# WORK TO BE COMPLETED
Without including any images, set down the records below exactly.

# EXCERPTED RECORDS
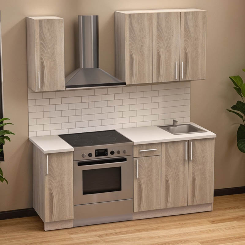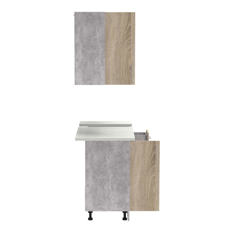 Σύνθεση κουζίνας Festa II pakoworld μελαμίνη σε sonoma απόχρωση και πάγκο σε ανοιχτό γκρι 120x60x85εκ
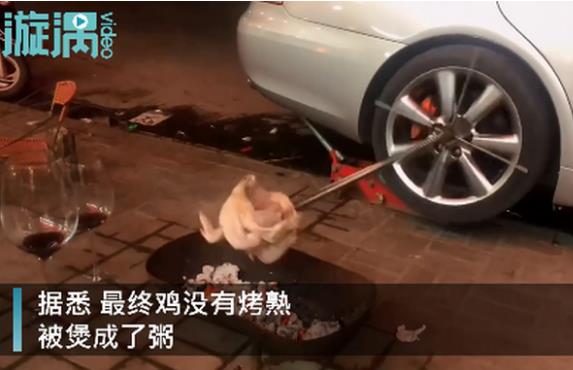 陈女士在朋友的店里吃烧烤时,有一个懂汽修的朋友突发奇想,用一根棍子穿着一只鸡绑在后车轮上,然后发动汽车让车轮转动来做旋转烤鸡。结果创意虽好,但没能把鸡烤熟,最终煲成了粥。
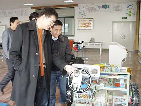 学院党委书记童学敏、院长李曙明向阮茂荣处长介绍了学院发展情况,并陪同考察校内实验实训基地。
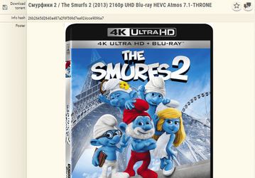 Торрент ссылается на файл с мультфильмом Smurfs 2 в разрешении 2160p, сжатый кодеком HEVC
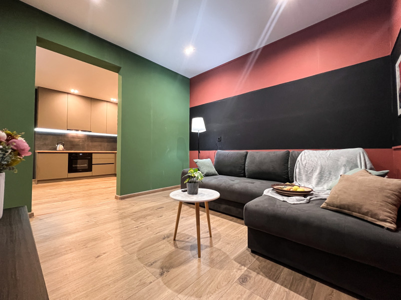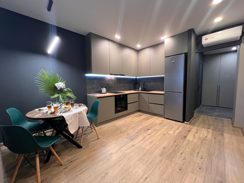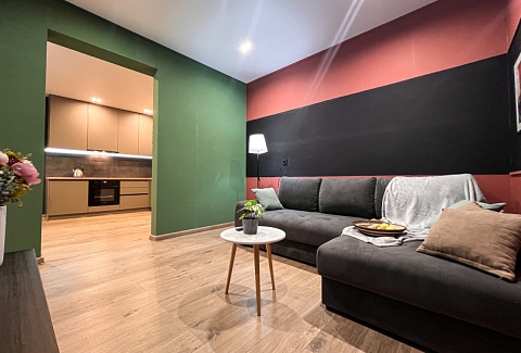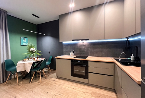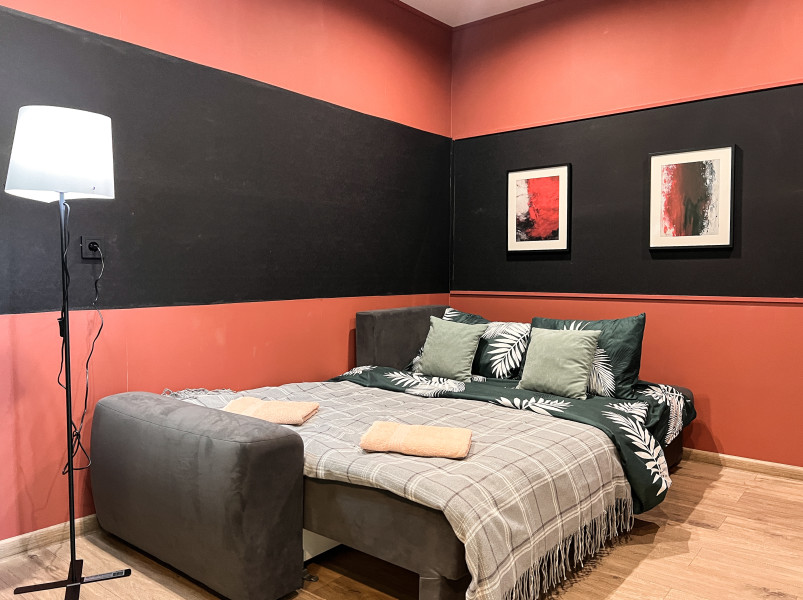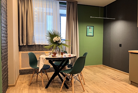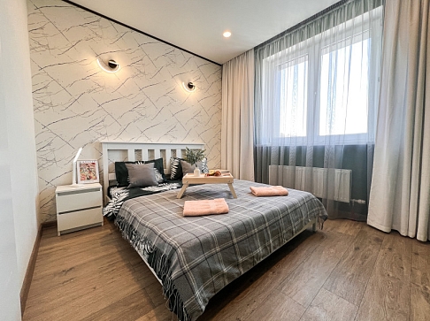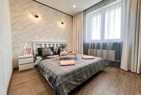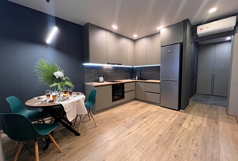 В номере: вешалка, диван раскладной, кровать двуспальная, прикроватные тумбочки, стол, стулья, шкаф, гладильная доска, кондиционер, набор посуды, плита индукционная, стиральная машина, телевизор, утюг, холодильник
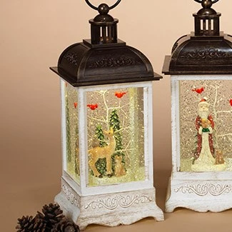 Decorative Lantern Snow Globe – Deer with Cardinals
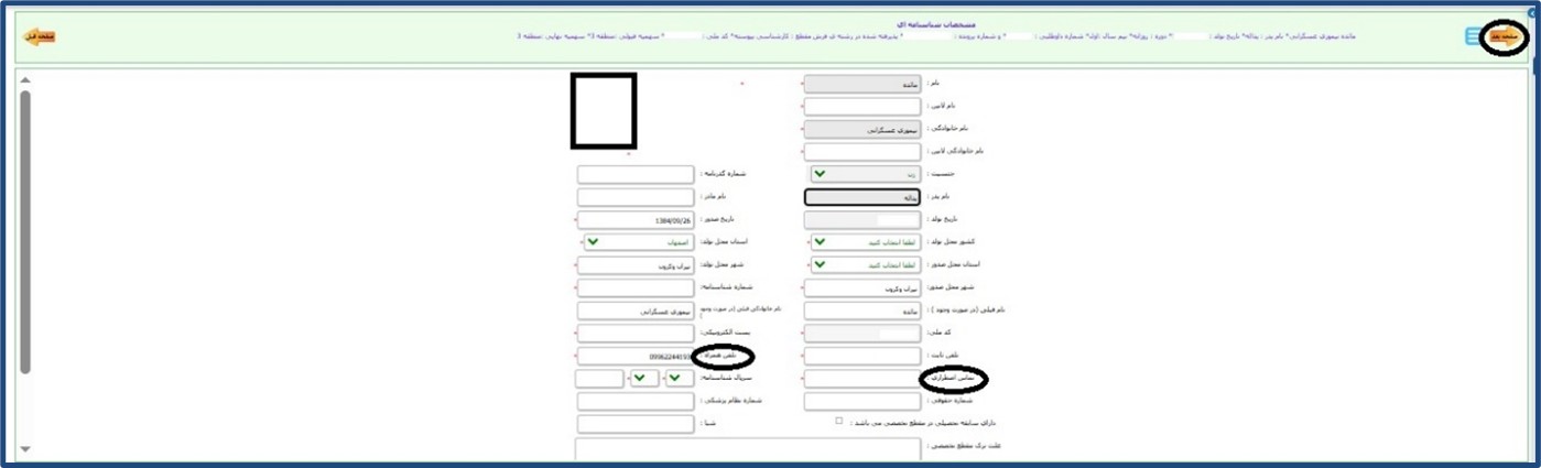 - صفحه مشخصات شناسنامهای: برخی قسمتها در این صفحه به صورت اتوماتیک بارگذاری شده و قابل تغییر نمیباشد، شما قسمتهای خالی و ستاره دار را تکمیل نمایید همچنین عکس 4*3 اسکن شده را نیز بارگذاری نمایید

# RESPONSE TO THIS TASK
 Σύνθεση κουζίνας Festa II pakoworld μελαμίνη σε sonoma απόχρωση και πάγκο σε ανοιχτό γκρι 120x60x85εκ
 陈女士在朋友的店里吃烧烤时,有一个懂汽修的朋友突发奇想,用一根棍子穿着一只鸡绑在后车轮上,然后发动汽车让车轮转动来做旋转烤鸡。结果创意虽好,但没能把鸡烤熟,最终煲成了粥。
 学院党委书记童学敏、院长李曙明向阮茂荣处长介绍了学院发展情况,并陪同考察校内实验实训基地。
 Торрент ссылается на файл с мультфильмом Smurfs 2 в разрешении 2160p, сжатый кодеком HEVC
 В номере: вешалка, диван раскладной, кровать двуспальная, прикроватные тумбочки, стол, стулья, шкаф, гладильная доска, кондиционер, набор посуды, плита индукционная, стиральная машина, телевизор, утюг, холодильник
 Decorative Lantern Snow Globe – Deer with Cardinals
 - صفحه مشخصات شناسنامهای: برخی قسمتها در این صفحه به صورت اتوماتیک بارگذاری شده و قابل تغییر نمیباشد، شما قسمتهای خالی و ستاره دار را تکمیل نمایید همچنین عکس 4*3 اسکن شده را نیز بارگذاری نمایید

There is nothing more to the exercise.